En effet, comme le dit Gilles Pinson, enseignant-chercheur en sciences politiques à Bordeaux, « les intercommunalités montent inexorablement en puissance, en termes de compétences et de budgets, mais on constate leur déficit démocratique [...]. Dans l’intercommunalité, cela se passe à huis clos entre des élus qui masquent les arrangements qu’ils passent entre eux. C’est un consensus souvent assez mou, qui porte moins sur la construction d’une vision que sur un partage des ressources de l’intercommunalité : “Tu acceptes qu’on communautarise telle ou telle compétence et, moi, je tire la ligne de tram jusque dans ta commune”. Résultat, on neutralise l’espace intercommunal comme espace de redéfinition du bien commun »3.

Faire bouger des lignes

Faute de cette évolution législative, les prochaines élections ont de grandes chances de reproduire cette disparité. Sauf à ce que des engagements soient portés par des listes elles-mêmes qui exigeraient par exemple :

- que le poste de 1er.e adjoint-e soit réservé à une personne de sexe opposé à celui du maire ;

- que le poste de 1er.e vice-président-e de l’intercommunalité soit réservé à une personne de sexe opposé à celui de président ;

- que l’exécutif soit désigné avec l’objectif d’un équilibre femmes-hommes ;

- que, si la commune n’a qu’un représentant, ce ne soit pas obligatoirement le maire ;

- que les « conférences des maires », organes non décisionnels, soient composées de binômes maire + 1er.e adjoint.e par exemple, donc de deux personnes de sexe opposé (cf. proposition 1).

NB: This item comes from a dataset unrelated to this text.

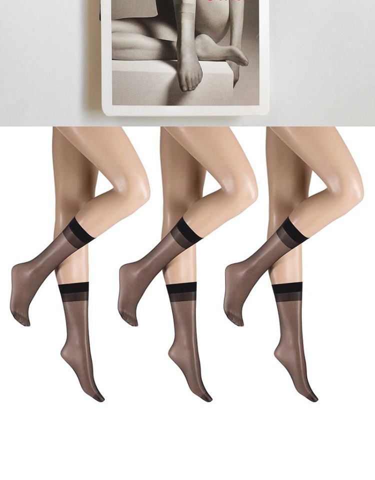 [3 Pairs Pack] German Imported Hudson Simply Shine 15D Glossy Silky Mid-Calf Socks for Women

Aucune de ces dispositions n’est incompatible avec la loi actuelle. Chacune ne demande qu’un peu de volontarisme politique.

Cet article de notre camarade Claude Touchefeu a été publié dans le numéro de novembre de Démocratie&Socialisme, la revue de la Gauche démocratique et sociale (GDS).

(1) Données du ministère de l’Intérieur en octobre 2017, qui portent sur les 1 266 établissements publics de coopération intercommunale (EPCI) recensés en février 2017, parmi lesquels 1 018 communautés de communes, 219 communautés d’agglomérations, 15 communautés urbaines et 14 métropoles.